Collected data entries:
-- Opening Marker --

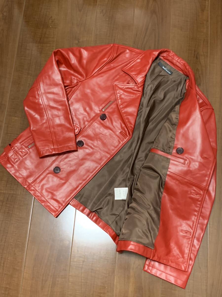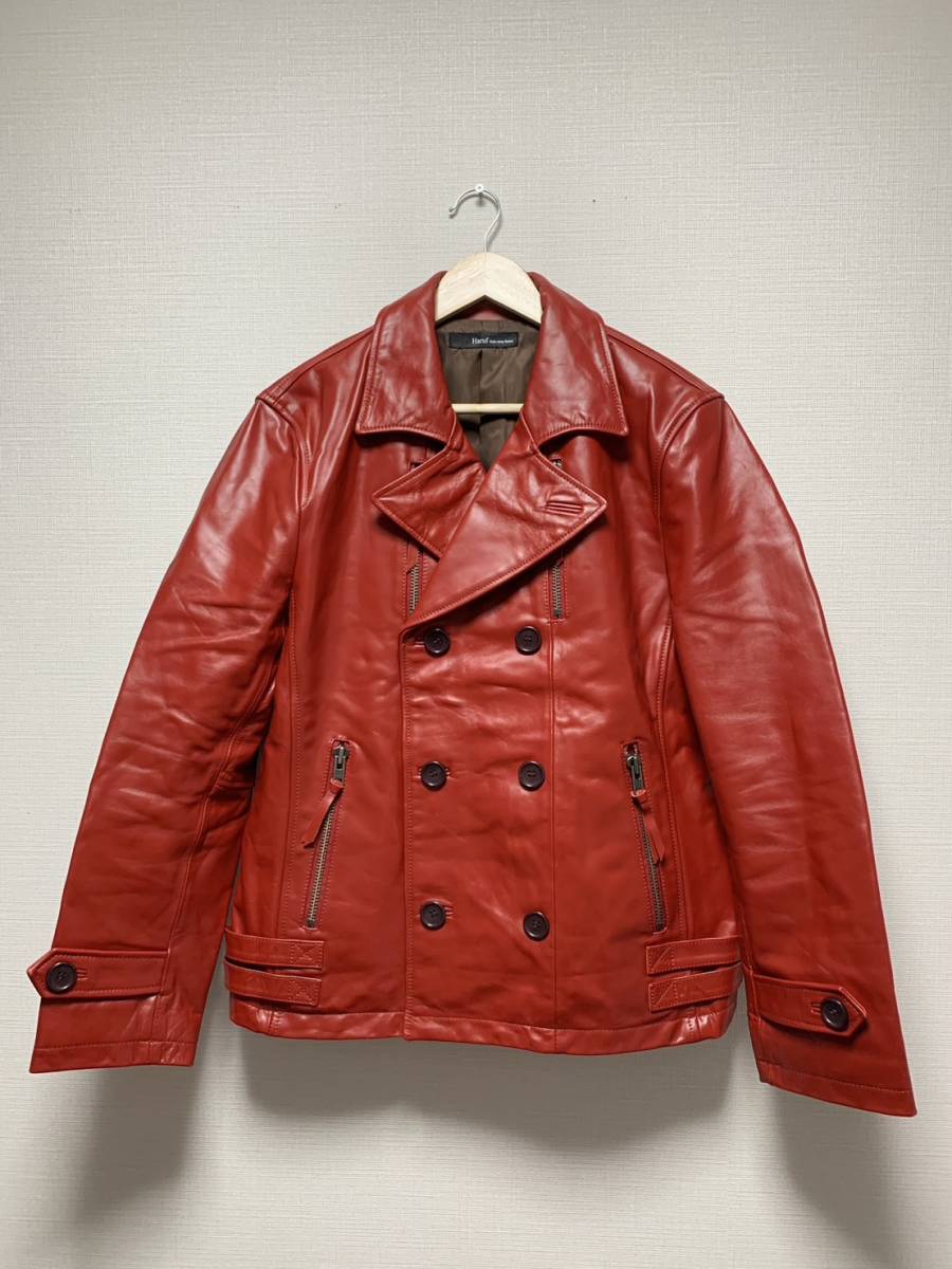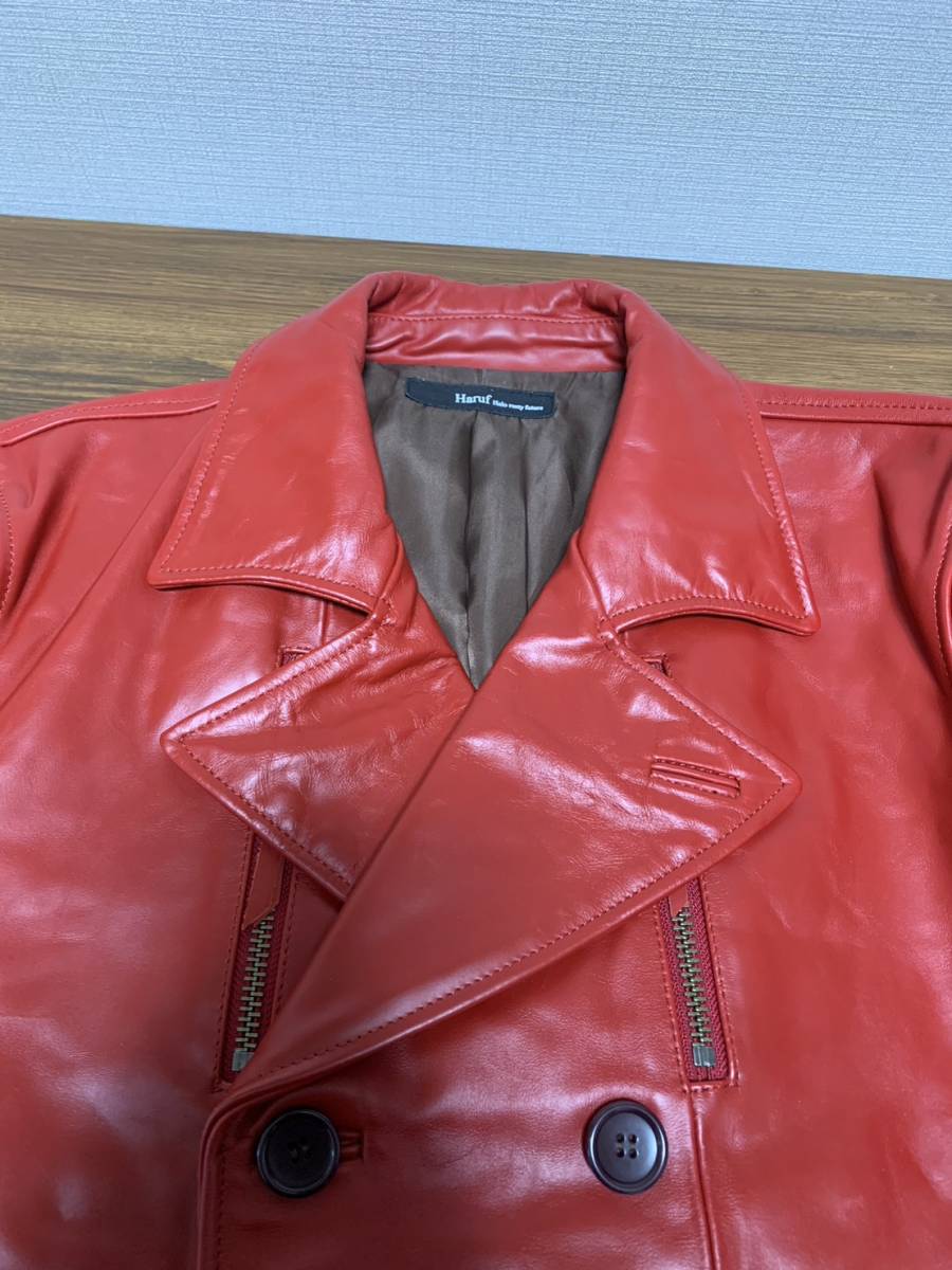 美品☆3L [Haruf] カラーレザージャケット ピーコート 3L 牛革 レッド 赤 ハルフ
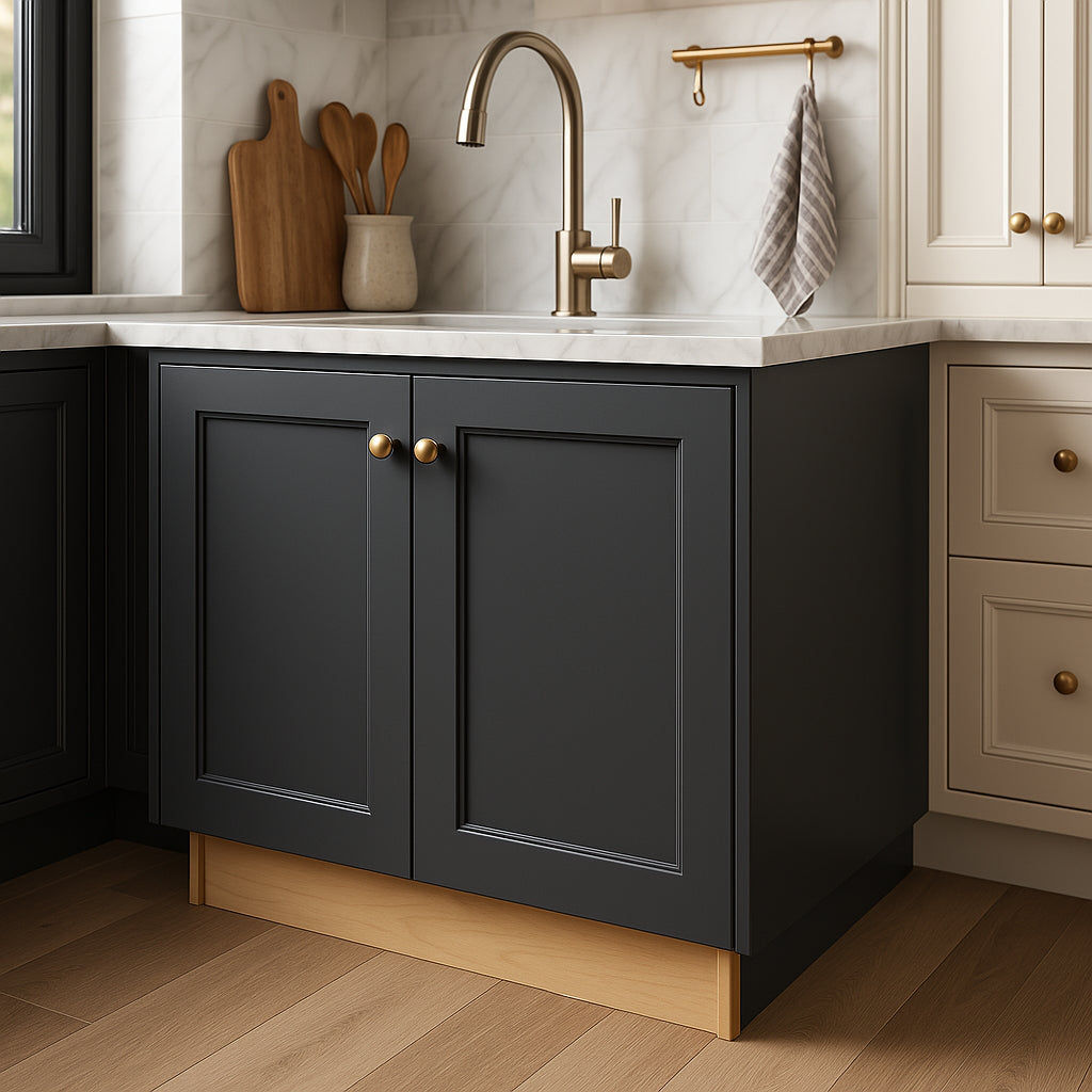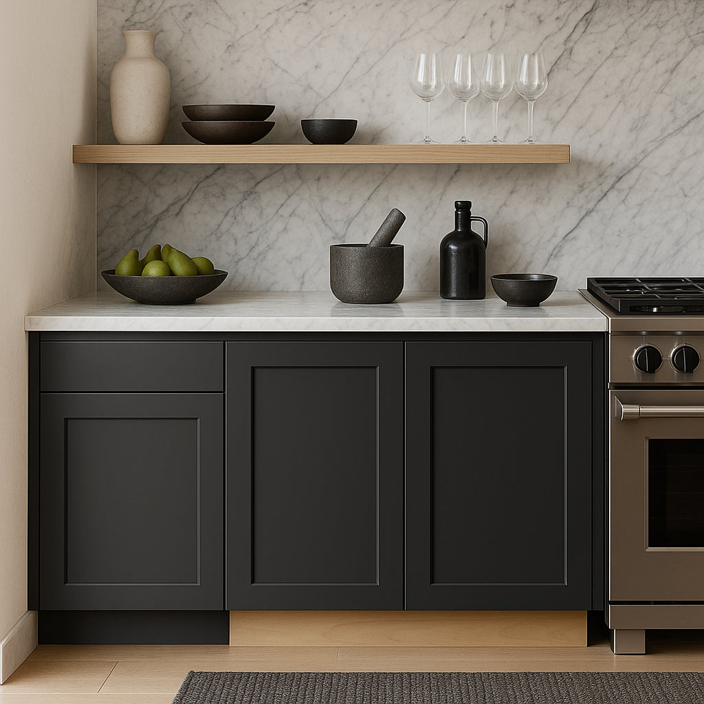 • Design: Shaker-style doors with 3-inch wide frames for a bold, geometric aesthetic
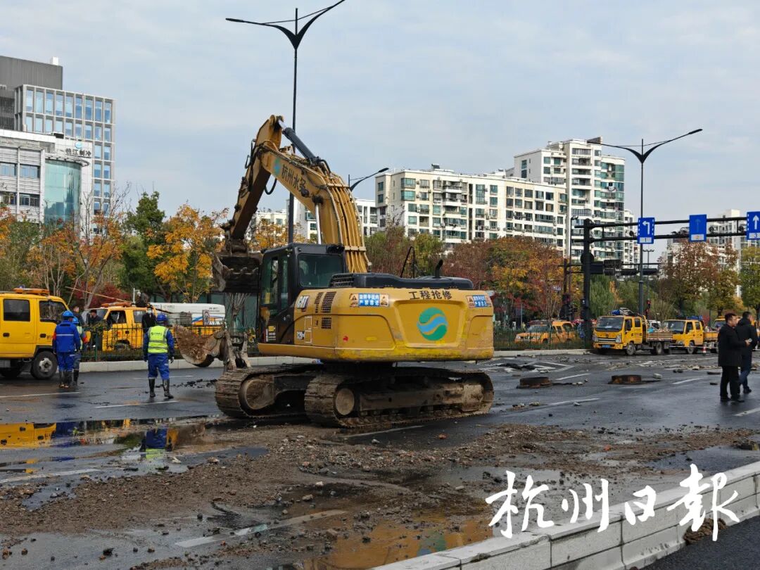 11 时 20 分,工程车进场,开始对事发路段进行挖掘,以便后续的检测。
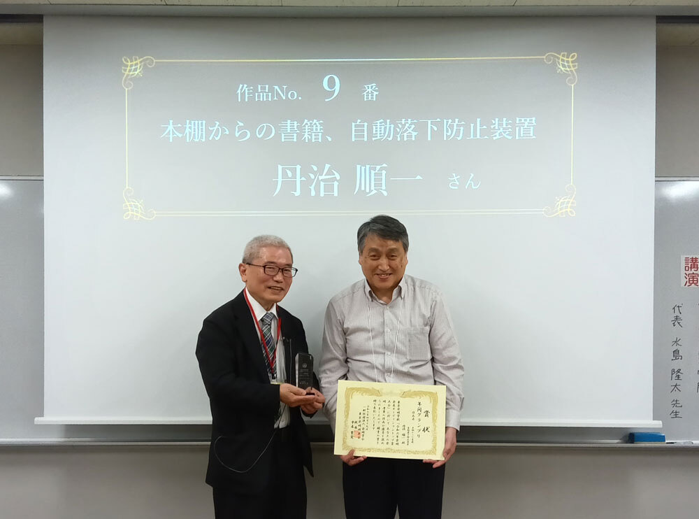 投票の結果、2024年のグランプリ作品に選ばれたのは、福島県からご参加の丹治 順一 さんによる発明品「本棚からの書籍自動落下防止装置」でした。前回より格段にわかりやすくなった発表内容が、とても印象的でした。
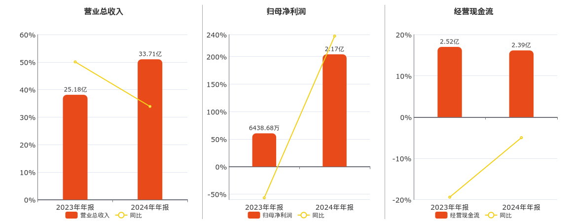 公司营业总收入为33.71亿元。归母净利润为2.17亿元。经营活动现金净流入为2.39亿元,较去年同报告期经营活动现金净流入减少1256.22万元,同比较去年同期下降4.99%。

-- Closing Marker --

TASK PROMPT:
None of the pictures should be carried over when the data above is transcribed exactly.

TASK OUTPUT:
 美品☆3L [Haruf] カラーレザージャケット ピーコート 3L 牛革 レッド 赤 ハルフ
 • Design: Shaker-style doors with 3-inch wide frames for a bold, geometric aesthetic
 11 时 20 分,工程车进场,开始对事发路段进行挖掘,以便后续的检测。
 投票の結果、2024年のグランプリ作品に選ばれたのは、福島県からご参加の丹治 順一 さんによる発明品「本棚からの書籍自動落下防止装置」でした。前回より格段にわかりやすくなった発表内容が、とても印象的でした。
 公司营业总收入为33.71亿元。归母净利润为2.17亿元。经营活动现金净流入为2.39亿元,较去年同报告期经营活动现金净流入减少1256.22万元,同比较去年同期下降4.99%。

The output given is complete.